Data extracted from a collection
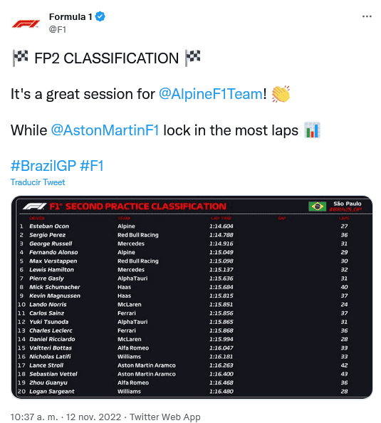 Sergio "Checo" Pérez mejoró su rendimiento previo al Gran Premio de Brasil y terminó en el segundo puesto durante la práctica libre 2.El mejor tiempo fue para Esteban Ocon de la escudería Alpine, que terminó en el primer sitio con 1:14.604 en el cronómetro.Le siguió Checo Pérez, que marcó un tiempo de 1:14.788 y en el tercer sitio está George Russell, el piloto de Mercedes registró 1:14.916.El que llamó la atención en el Gran Premio de Brasil el viernes fue el piloto de Haas, Kevin Magnussen, ya que ganó la "pole position" para la carrera sprint de hoy sábado.Para la práctica libre 2, Magnussen terminó hasta la novena posición con 1:15.815 en el cronómetro.Checo Pérez y el resto de los pilotos regresarán este sábado al Autódromo José Carlos Pace para disputar la carrera sprint a las 13:30 horas, tiempo del centro de México.OF
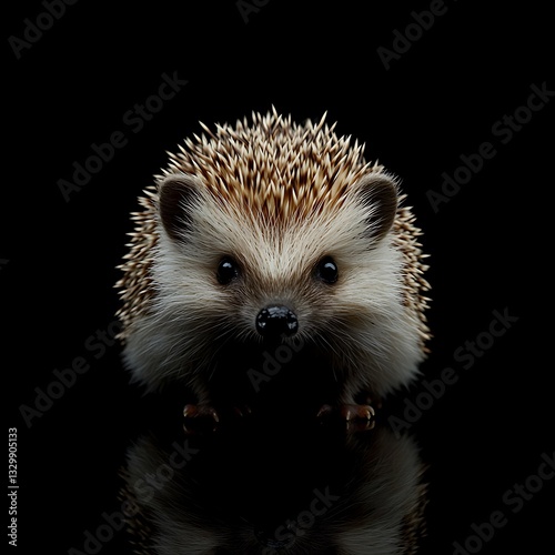 © Easthetic, Obraz premium Cute hedgehog on black background.
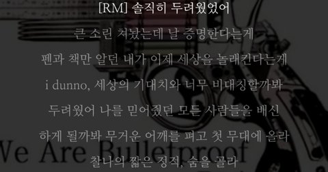 이런것들 보고 최근 방탄이 쓰는 가사들 보면 자신들이 직접 겪었기에 우리한테 더 말해주고싶고 더 잘 말해줄 수 있었던 것 같아.
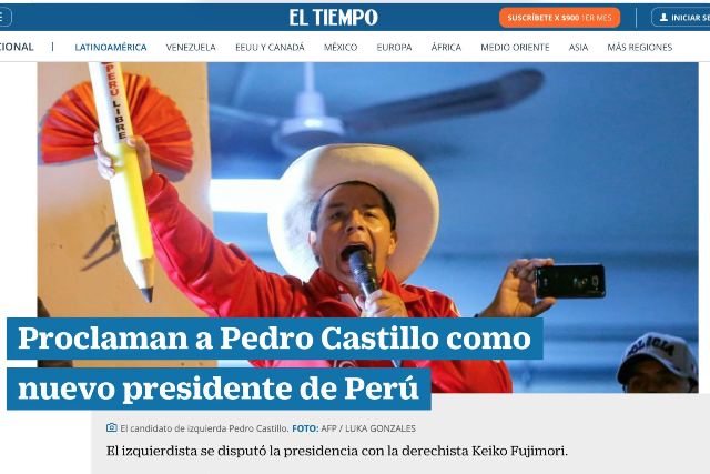 Medios de comunicación extranjeros informaron sobre la proclamación de Pedro Castillo como nuevo Presidente del Perú, tras señalar que se da luego de seis semanas de efectuarse la Segunda Vuelta Electoral contra la candidata del partido Fuerza Popular, Keiko Fujimori.
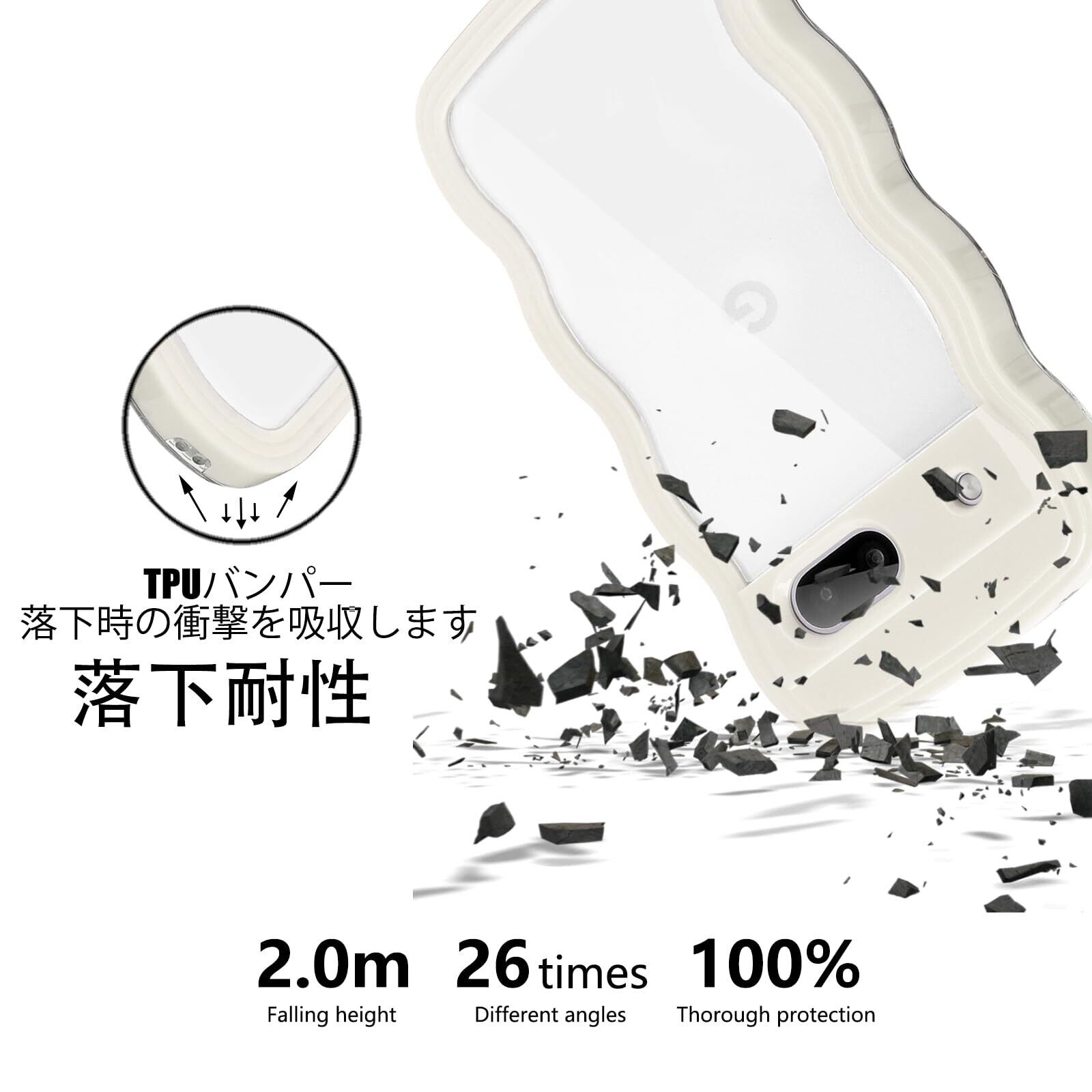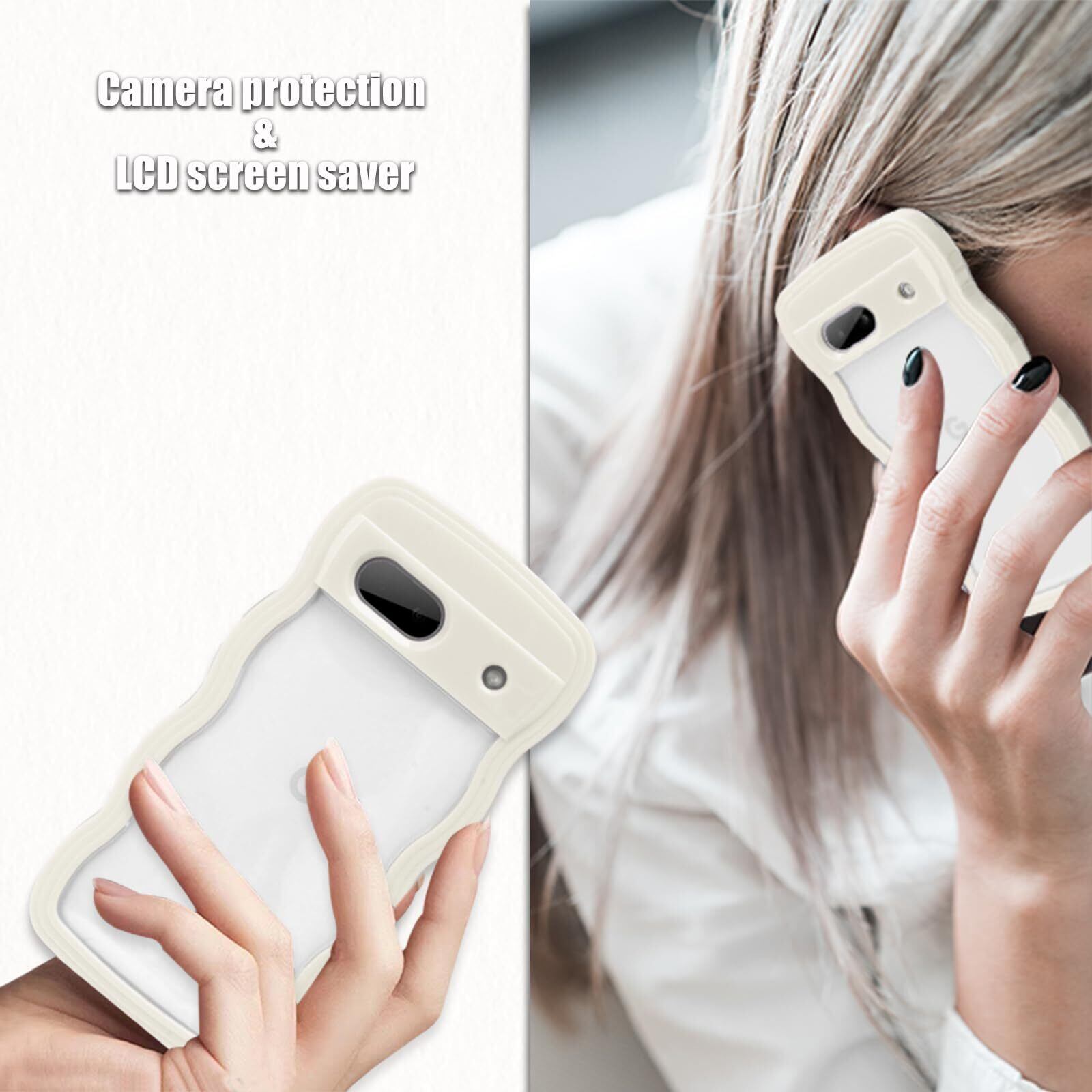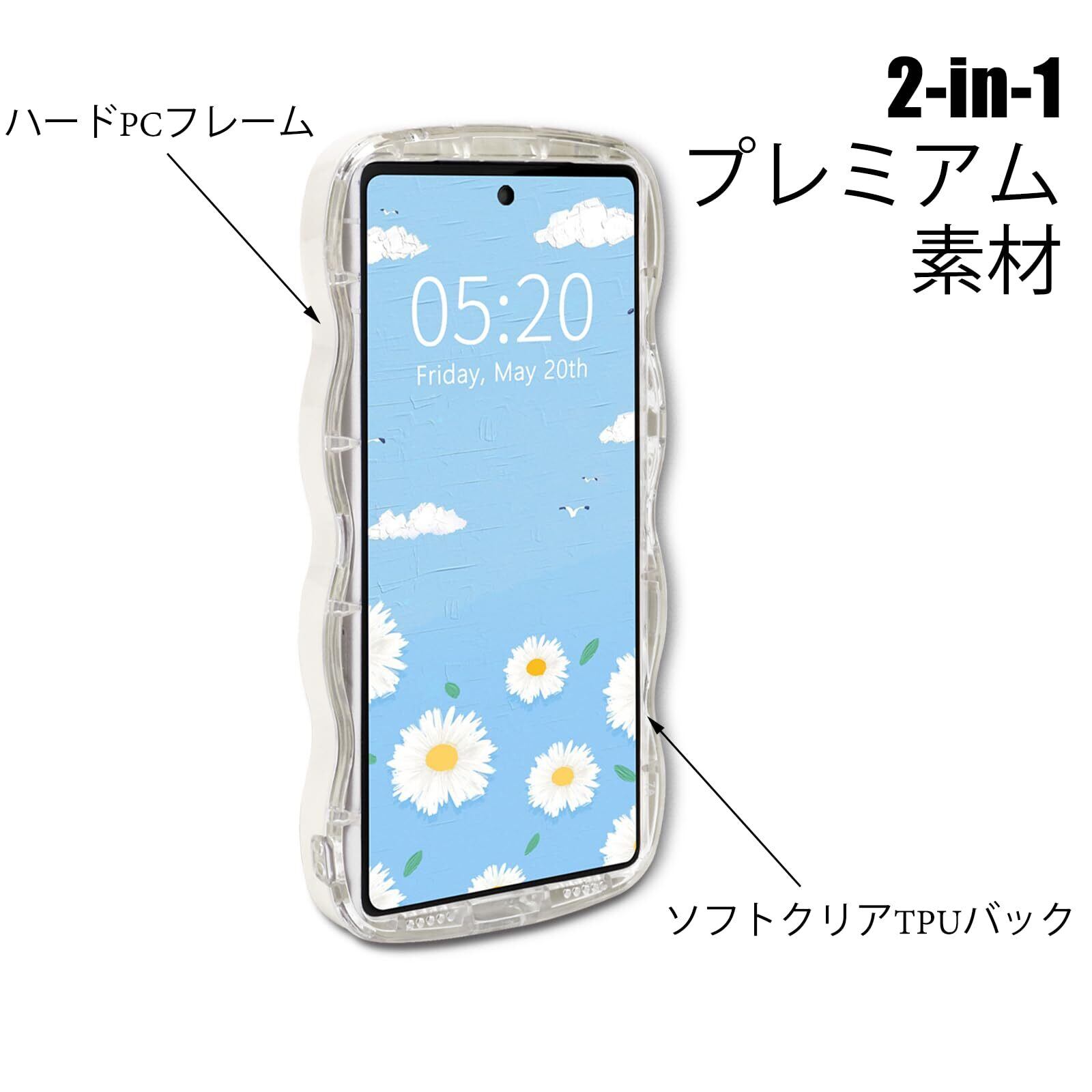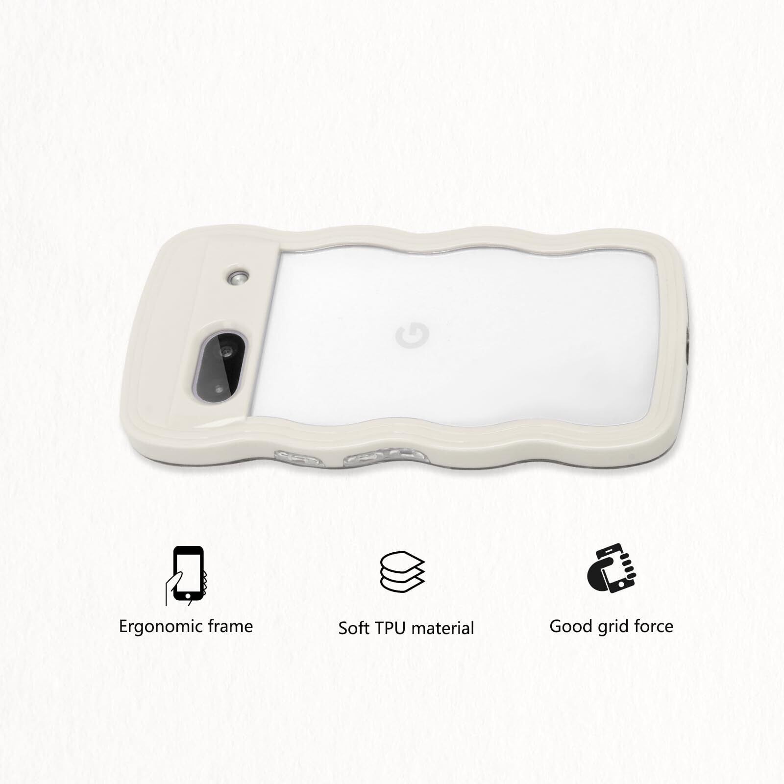 Google Pixel 6A ケース クリア ウェーブ ピクセル 6A TPU波状フレーム うねうね グーグル ピクセル6A 滑り止め スマホケースウェーブ デザイン 手にフィット 韓国 可愛い 女性用 女子向け 透明 ケースカバー 人気 落下防止 耐衝撃 ストラップホール付き グーグルピクセル6A なみなみ ワイヤレス充電対応(Google Pixel 6A-ホワイト)

• **Directions**
An answer that restates all the entries exactly and drops the images is what is needed.

• **Problem solution**
 Sergio "Checo" Pérez mejoró su rendimiento previo al Gran Premio de Brasil y terminó en el segundo puesto durante la práctica libre 2.El mejor tiempo fue para Esteban Ocon de la escudería Alpine, que terminó en el primer sitio con 1:14.604 en el cronómetro.Le siguió Checo Pérez, que marcó un tiempo de 1:14.788 y en el tercer sitio está George Russell, el piloto de Mercedes registró 1:14.916.El que llamó la atención en el Gran Premio de Brasil el viernes fue el piloto de Haas, Kevin Magnussen, ya que ganó la "pole position" para la carrera sprint de hoy sábado.Para la práctica libre 2, Magnussen terminó hasta la novena posición con 1:15.815 en el cronómetro.Checo Pérez y el resto de los pilotos regresarán este sábado al Autódromo José Carlos Pace para disputar la carrera sprint a las 13:30 horas, tiempo del centro de México.OF
 © Easthetic, Obraz premium Cute hedgehog on black background.
 이런것들 보고 최근 방탄이 쓰는 가사들 보면 자신들이 직접 겪었기에 우리한테 더 말해주고싶고 더 잘 말해줄 수 있었던 것 같아.
 Medios de comunicación extranjeros informaron sobre la proclamación de Pedro Castillo como nuevo Presidente del Perú, tras señalar que se da luego de seis semanas de efectuarse la Segunda Vuelta Electoral contra la candidata del partido Fuerza Popular, Keiko Fujimori.
 Google Pixel 6A ケース クリア ウェーブ ピクセル 6A TPU波状フレーム うねうね グーグル ピクセル6A 滑り止め スマホケースウェーブ デザイン 手にフィット 韓国 可愛い 女性用 女子向け 透明 ケースカバー 人気 落下防止 耐衝撃 ストラップホール付き グーグルピクセル6A なみなみ ワイヤレス充電対応(Google Pixel 6A-ホワイト)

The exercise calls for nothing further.